Andrew Douglas Purser (born 31 October 1958) is a former Australian rules footballer who played for the Footscray Football Club in the Victorian Football League (VFL) and for the East Fremantle Football Club and West Perth Football Club in the Western Australian Football League (WAFL).

A ruckman, Purser was a premiership player with East Fremantle in 1979. Purser was one of several West Australian footballers brought over to Footscray in the 1980s by general manager and former Carlton administrator Shane O'Sullivan; others included Simon Beasley, Murray Rance, Sharks teammate Jim Sewell and Brad Hardie. Purser was among 15 new players to debut for Footscray in 1983 and although undersized he quickly gained a reputation as one of the finest ruckmen in the VFL. In just his second season, he won the Charles Sutton Medal for Footscray's best and fairest player.

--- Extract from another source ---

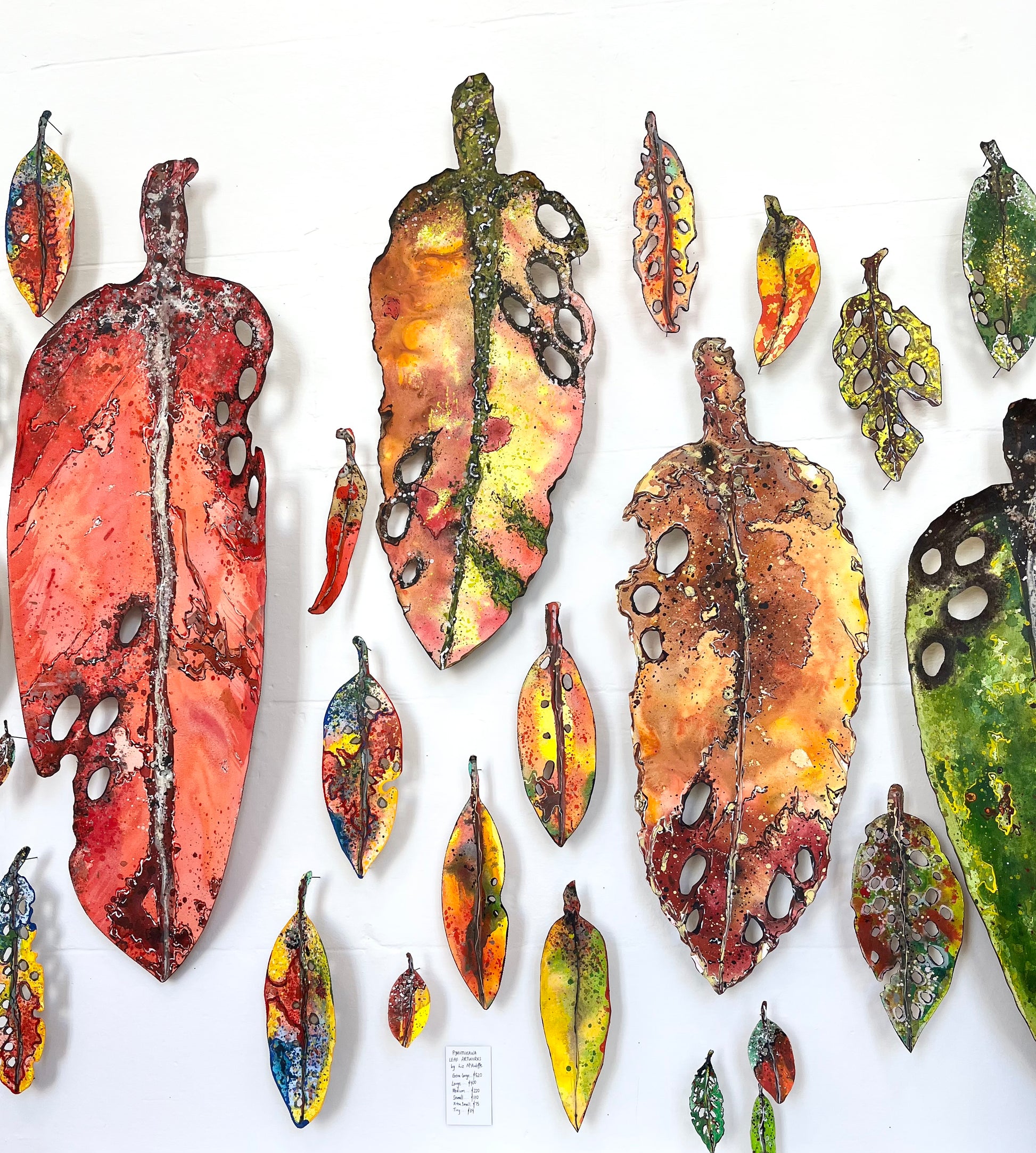 Form, surface and shadow are an integral part of Liz McAuliffe's artworks. The leaves sit closely at the intersection between 2D and 3D, being cut canvas they are flat .. then with wire and hanging points to hold them out from the wall, this gives movement and shadow, reminiscent of the dappled forest.

However, by the end of 1987, the physical burden of shouldering the main ruck responsibilities had taken its toll on Purser, saying years later that he felt he was "running out of steam". His main career as a stockbroker was also seriously affected by the Black Monday crash in October, which eventually prompted him and his wife Jenny to return to Western Australia, despite the best efforts of Footscray to keep him at the club.

In a remarkable testament to his durability, Purser had missed only one out of a possible 113 senior VFL games during his time at Footscray.

After a brief stint at , Purser decided to retire at just 28 years of age to pursue a career in the finance industry.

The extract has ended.